- Task goal
Beginning with the line below that contains "2.Object.defin" and ending with the line that contains "दाङ । बलात्कारपछि", retype every line exactly. Pictures are not copied.

- Source information
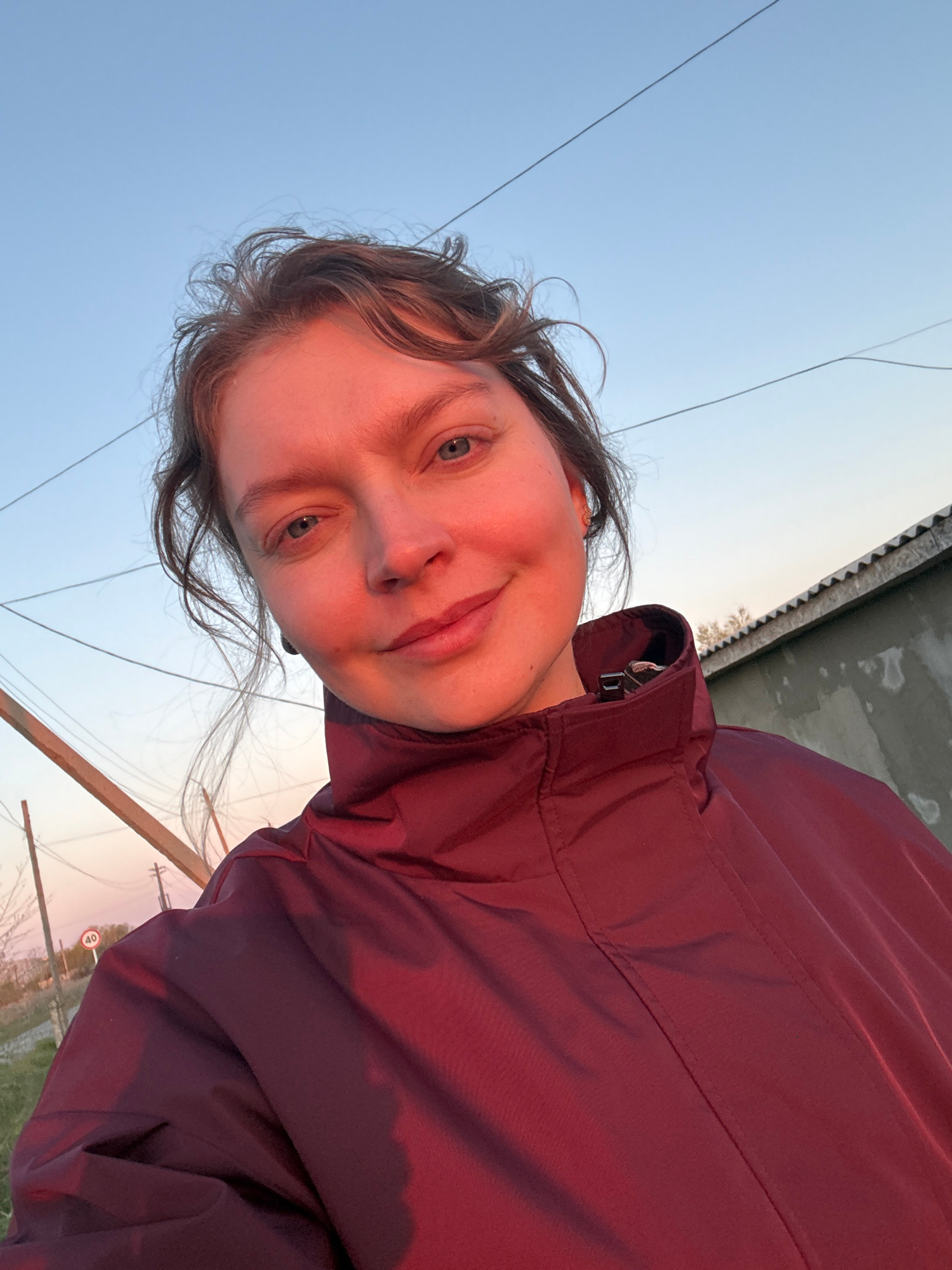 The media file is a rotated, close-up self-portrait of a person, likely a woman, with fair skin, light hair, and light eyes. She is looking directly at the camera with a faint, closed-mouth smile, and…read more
==
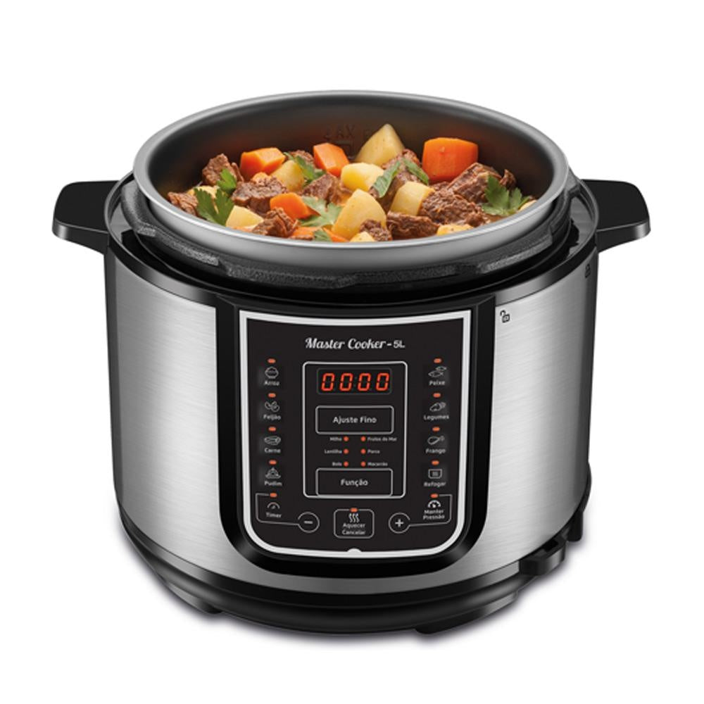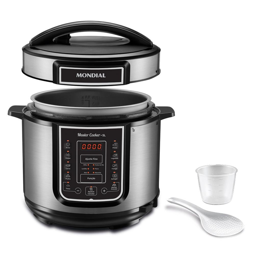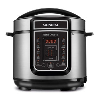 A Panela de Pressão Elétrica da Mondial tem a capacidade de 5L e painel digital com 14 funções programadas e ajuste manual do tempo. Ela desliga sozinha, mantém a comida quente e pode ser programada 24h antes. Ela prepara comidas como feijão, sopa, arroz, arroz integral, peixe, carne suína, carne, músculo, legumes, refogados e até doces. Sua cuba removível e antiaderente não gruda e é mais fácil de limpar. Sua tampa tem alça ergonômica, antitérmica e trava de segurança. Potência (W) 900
---
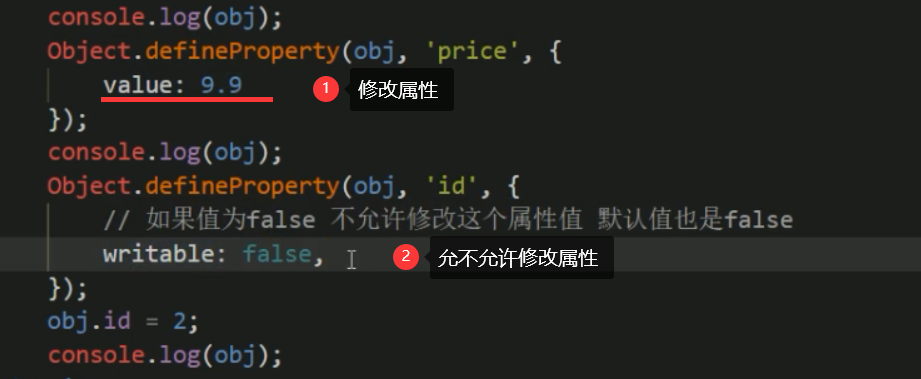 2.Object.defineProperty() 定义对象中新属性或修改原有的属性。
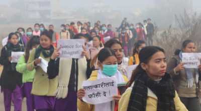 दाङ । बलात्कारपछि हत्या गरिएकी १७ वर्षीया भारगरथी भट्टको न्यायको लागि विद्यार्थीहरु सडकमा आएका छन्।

- The answer
 2.Object.defineProperty() 定义对象中新属性或修改原有的属性。
 दाङ । बलात्कारपछि हत्या गरिएकी १७ वर्षीया भारगरथी भट्टको न्यायको लागि विद्यार्थीहरु सडकमा आएका छन्।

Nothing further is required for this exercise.